This is part 2 of an article - You can
read part 1 here.
Explore power characteristics of the Intel® Atom™ platform geared for the MID (Mobile Internet Device) category of devices. Providing recommendations for SW developers on how to best optimize applications for power efficiency for this new line of Intel processors/platforms. Some topics also apply to Intel® Atom™ processor based NetBooks.
Workloads
The following MID workload categories were analyzed:
- Idle behaviour in typical system idle states
- Video playback using Moblin Media Player & Helix framework
- Multi-threaded Video decode, audio transcode and Flash workloads used for HT impact analysis
- Browsing using Moblin Browser
All workload measurements are performed in steady state unless otherwise noted.

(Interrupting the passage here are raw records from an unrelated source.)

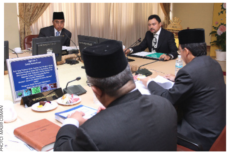
The Special Meeting of the National Disaster Council discuss Influenza A H1N1.

BERAKAS, May 2 - His Royal Highness Crown Prince Pengiran Muda Haji Al-Muhtadee Billah, Senior Minister at the Prime Minister's Office as the Chairman of the National Disaster Management Council said that the role of the public is important in shouldering the responsibilities together in preventing the virus Influenza A H1N1 from spreading more seriously in the country.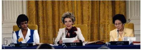
Nancy Reagan with first ladies from Jamaica and Japan

After a second presidential election victory in 1985, Mrs. Reagan took her drug prevention campaign to the international level, inviting first ladies from countries around the world to attend a conference on drug abuse in Washington, DC and Atlanta, Georgia. A crowning moment came when the Anti-Drug Abuse Act of 1986 was signed into law on October 27 by President Ronald Reagan (1911-2004).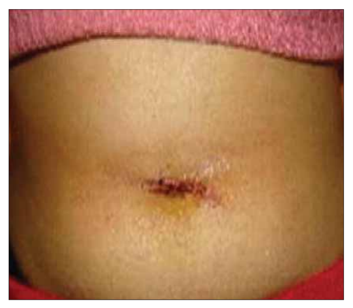
Figure 4. View of the umbilicus postoperatively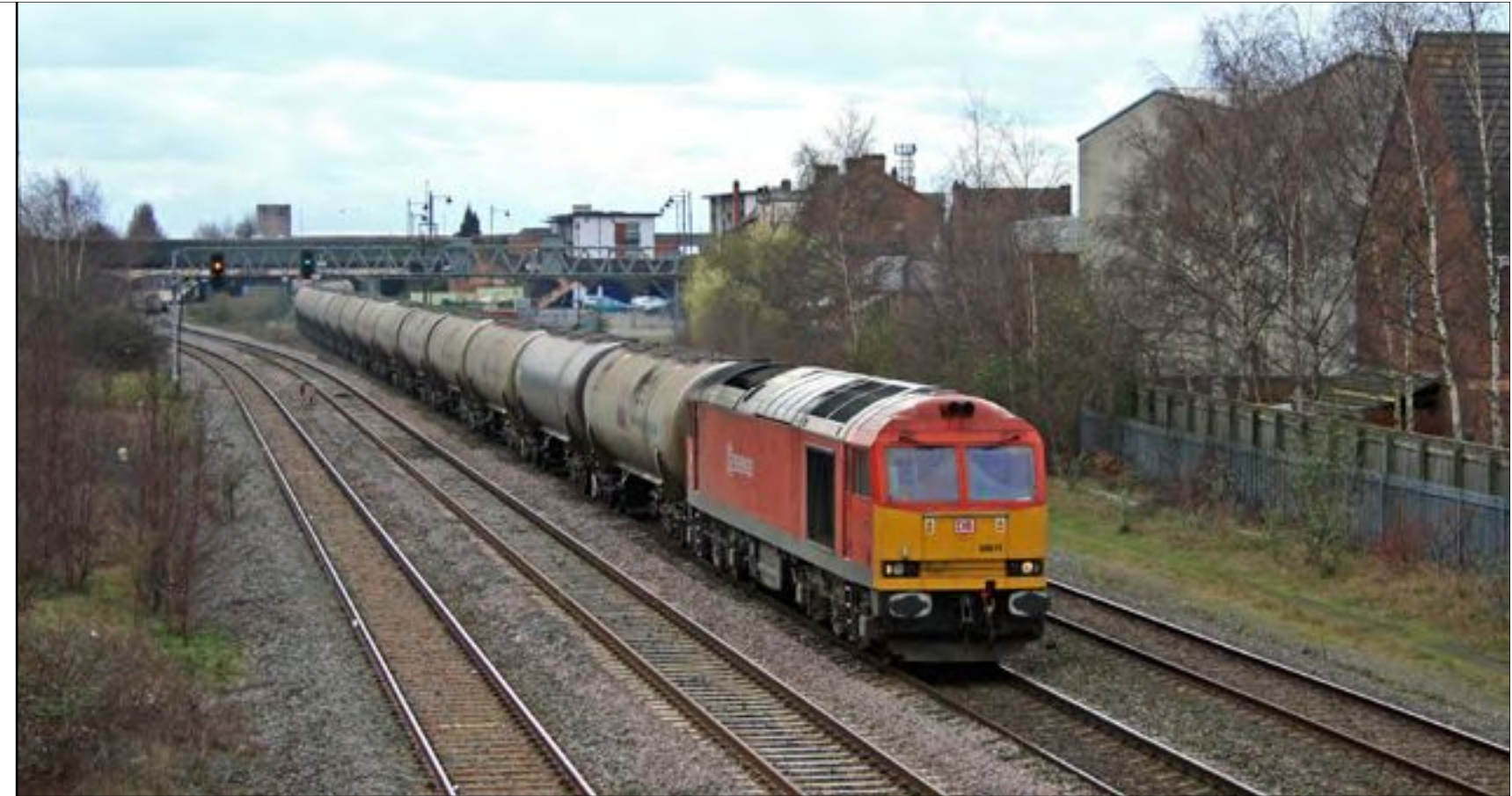
Above: Class 60 011 is seen working the 6E41 Westerleigh - Lindsey empty tanks through a very dull Burton-on-Trent, March 17th. Stuart Hillis

Linux* kernel version 2.6.22 was used.
5.1. Idle modesPower data was captured for different processor configurations (modified via BIOS):
The following idle modes were analyzed:
- Home Screen - HTML
- Home Screen - HTML - Screen off
- Home Screen - Clutter (OpenGL)
- Home Screen - Flash (UI created in Flash, embedded in HTML)
- XTerm
- Moblin Browser with default home page loaded
Note: As the Flash Home Screen feature was broken, no Flash application icons were visible just a Flash shell. This was considered an acceptable approximation. After launch, a regular terminal shell was invoked (ctrl-alt-F1), the "on-demand" governor activated and measurements were made.
Observe that this is by no means an exhaustive list. Additional measurements are needed to provide a more complete overview of possible application/launcher user interfaces.
Note: As the Flash Home Screen feature was broken, no Flash application icons were visible just a Flash shell. This was considered an acceptable approximation. After launch, a regular terminal shell was invoked (ctrl-alt-F1), the "on-demand" governor activated and measurements were made.
Observe that this is by no means an exhaustive list. Additional measurements are needed to provide a more complete overview of possible application/launcher user interfaces.5.1.1. Processor sleep state behaviourThe following NetDAQ data was captured with HT turned on. C6 or C4 (C6 off) was configured as the lowest possible processor sleep state.
Below data was captured for when in idle on HTML Home Screen.
Note the ~80mW difference in average power for C6 on vs. off. It is clear that the C6 state has an important positive impact on average power when processor is experiencing low load or is mostly in idle. In essence the new C6 deep sleep state significantly reduces average Intel Atom™ processor power in idle.
Refer to chapter 6: "Appendix A" for details on Intel Atom™ sleep states and their characteristics.
5.1.2. Processor & Chipset power usage in Idle modesThe following NetDAQ data was captured with C6 and HT turned on. Idle power behaviour for the different Home Screens (application launchers) was compared to the Browser and Xterm in idle.
The Home Screens tested represent various UI technologies used for displaying application icons and launching applications. The UI technologies tested was HTML, OpenGL (Clutter) and Flash
1.

The above graph illustrates the normalized power behaviour for the 6 targeted idle workloads.
Contrary to what might be expected the Clutter home screen (OpenGL) does not lead to increased chipset average idle power. The HTML and OpenGL UI home screen solutions used are quite power friendly.
Automatically turning the screen off after an interval of no user input lowers chipset average power significantly (~13.5% below HTML idle). More importantly, powering off the screen also saves LCD power.
Moblin browser in idle mode on the default home page consumes a slightly higher average power for processor/chipset (~3.5 % above HTML idle). Observe that the default page did not have any advanced content such as Flash* or Ajax*, etc.
When idle on Flash home screen a completely different pattern is revealed. Due to the high number of interrupts, 250 wakeups/s (captured by PowerTOP, see below), the benefit of C6 sleep state is not fully utilized (even though the processor sometimes moves into C6). This is apparent from the much higher average power usage for processor and chipset (33% above HTML idle).
An alternative view of the power behaviour is available from the data captured by PowerTOP. Wakeup/s and deeper C state residency is captured in the graphs below.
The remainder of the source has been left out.